While we are committed to focus our energy on standing up to human rights violations today, it is nevertheless important to be mindful of future challenges for human rights protection.

This year in the Third Committee, we will present a resolution on National Human Rights Institutions. NHRIs have important functions, including in conflict and in peacebuilding settings. The NHRI in Ukraine, for example, has identified various limitations of media pluralism and the safety and freedom of journalists in Crimea.

Also, together with Spain, we present the resolution on the human rights to safe drinking water and sanitation. In the era of climate change and accelerating natural disasters, as well as a pandemic ravaging for the second consecutive year, the rights to drinking water and sanitation are all the more important.

We believe that there is a fundamental impact of climate change on virtually all human rights – and that measures to fight climate change also must adhere to Human Rights standards. This is why the universal recognition of the right to a healthy environment is crucial. And the resolution to create the mandate of the Special Rapporteur on Human Rights and Climate Change, currently being negotiated in the ongoing Human Rights Council, is timely.

In this regard, I would like to read a message of our youth delegates: “Young people are often scared about the future.

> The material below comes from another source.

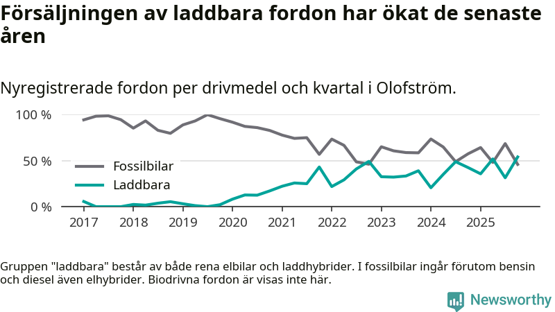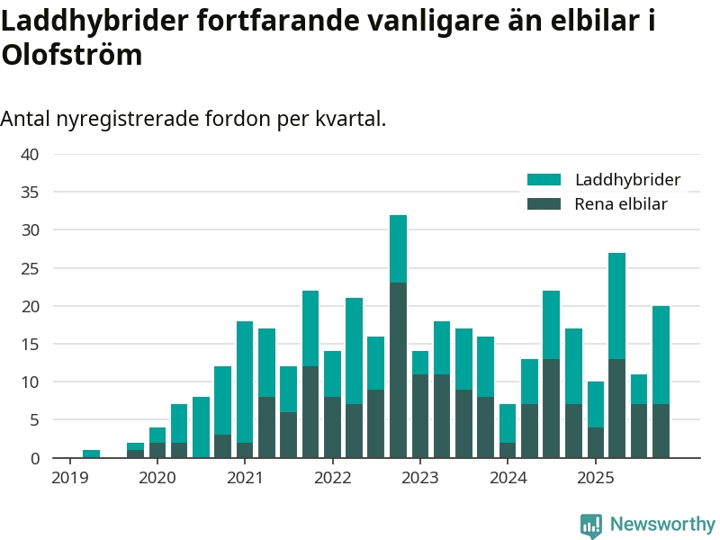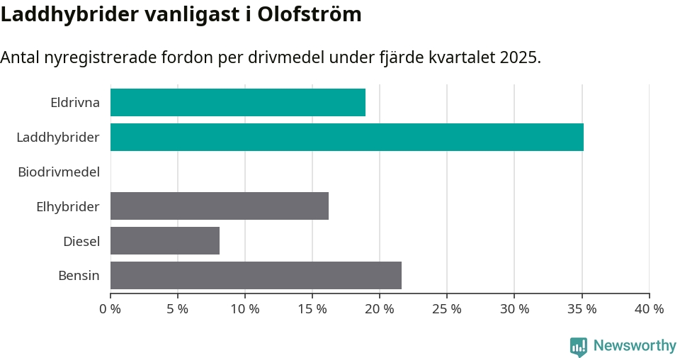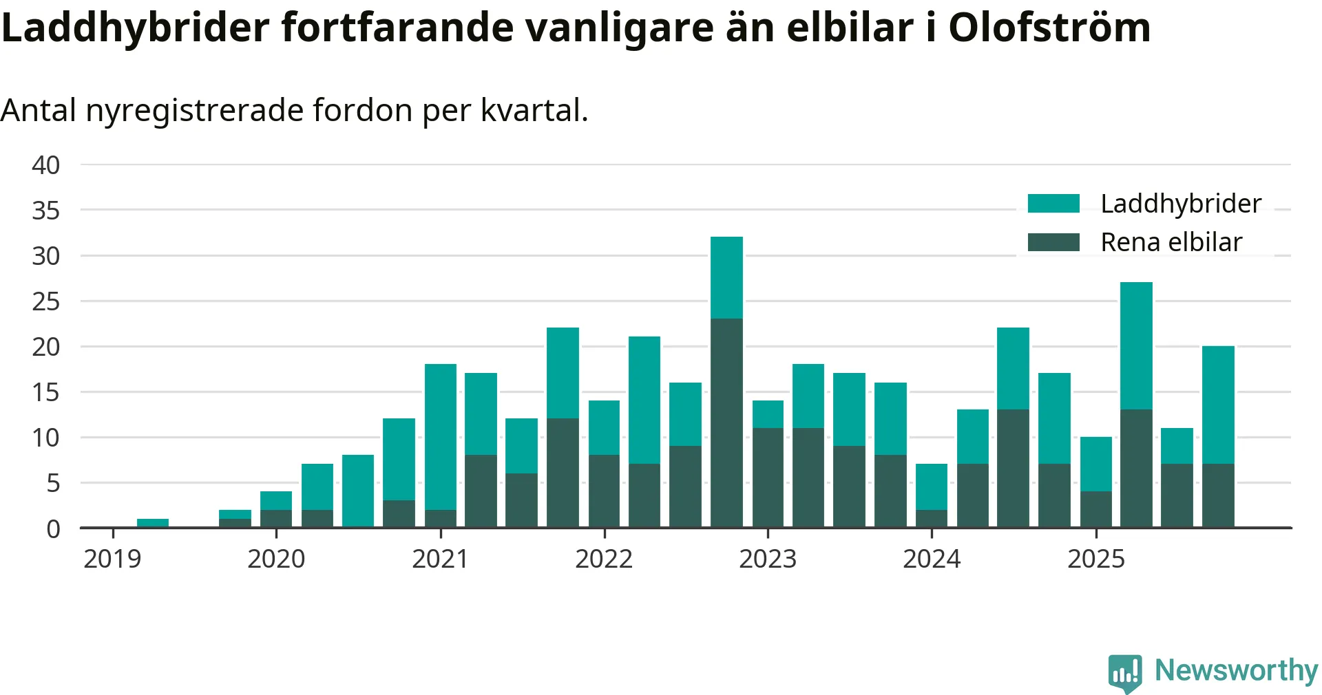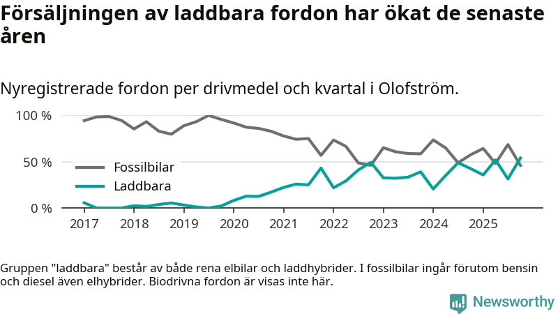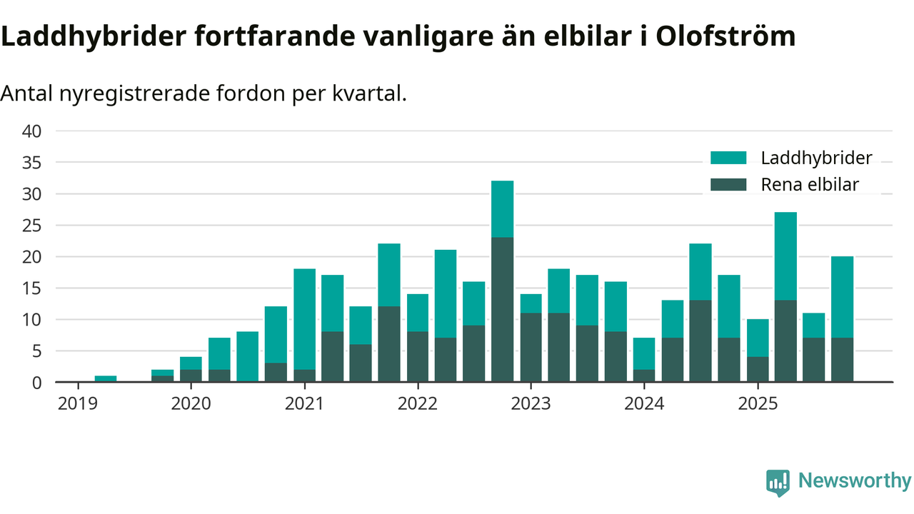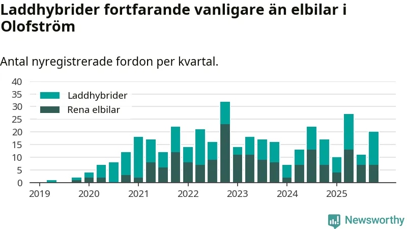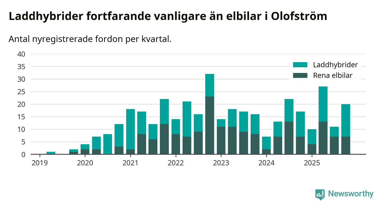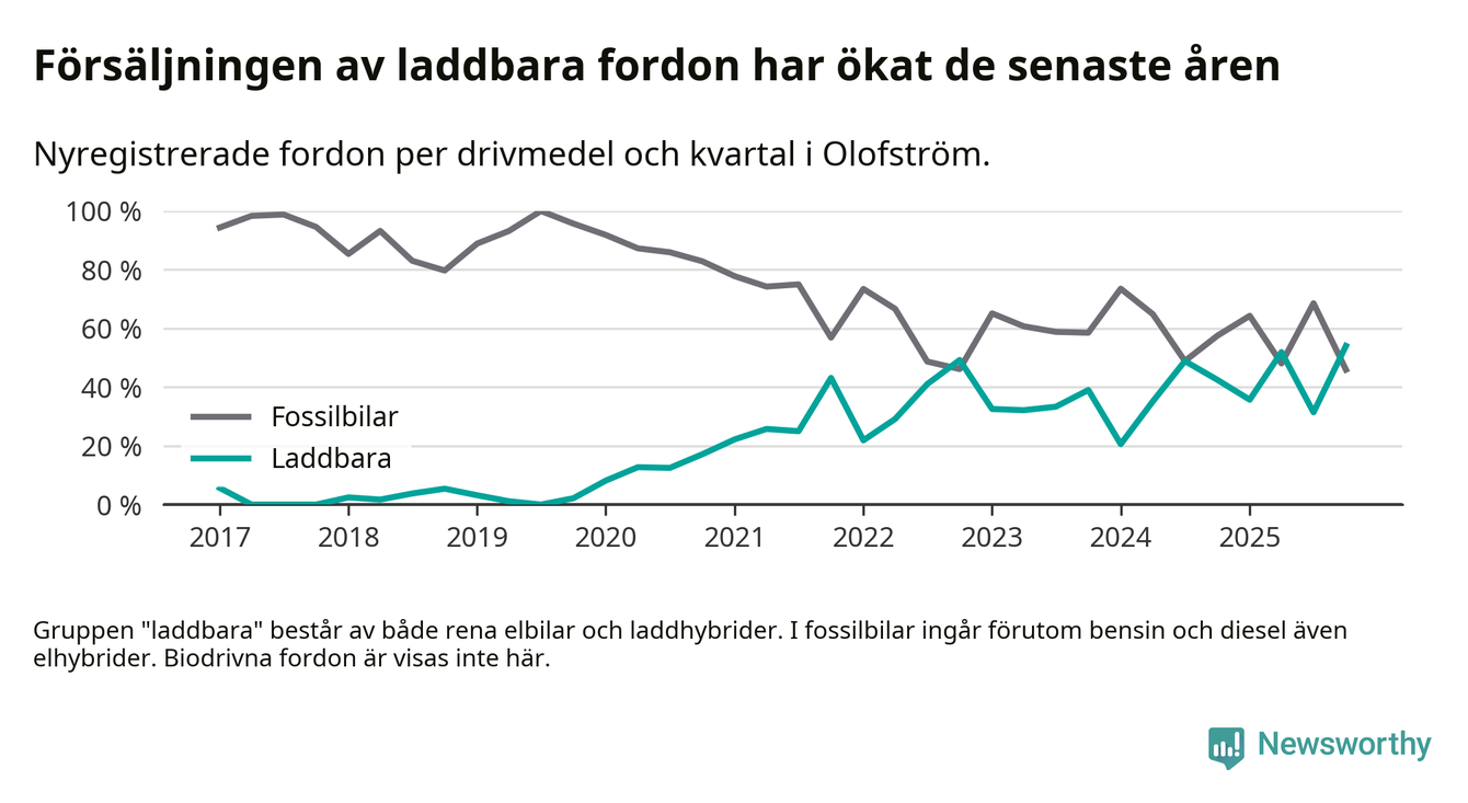Under fjärde kvartalet 2025 var 54 procent av alla nyregistrerade personbilar i Olofström laddbara (sammanlagt registrerades 37 nya bilar). Merparten av de laddbara bilarna var så kallade laddhybrider, det vill säga fordon som går att ladda och köra på el, men som även har en förbränningsmotor. 19 procent av alla nya bilar var rena elbilar.

This relates to climate change, digitization, but also daily life issues – education, how to get a job. One of our key demands is to take into account the repercussions of today’s decisions for following generations.”

Human rights protection would be virtually impossible without the alert eyes and ears and the wholehearted work of civil society organizations around the globe. We pay tribute to their engagement and support their work. We have much to gain from civil society’s critical and constructive feedback. This is why I also would like to underscore the importance of the access NGOs enjoy to UN premises.

Such transparency and exchange will bring us closer to making universal human rights for everyone a reality.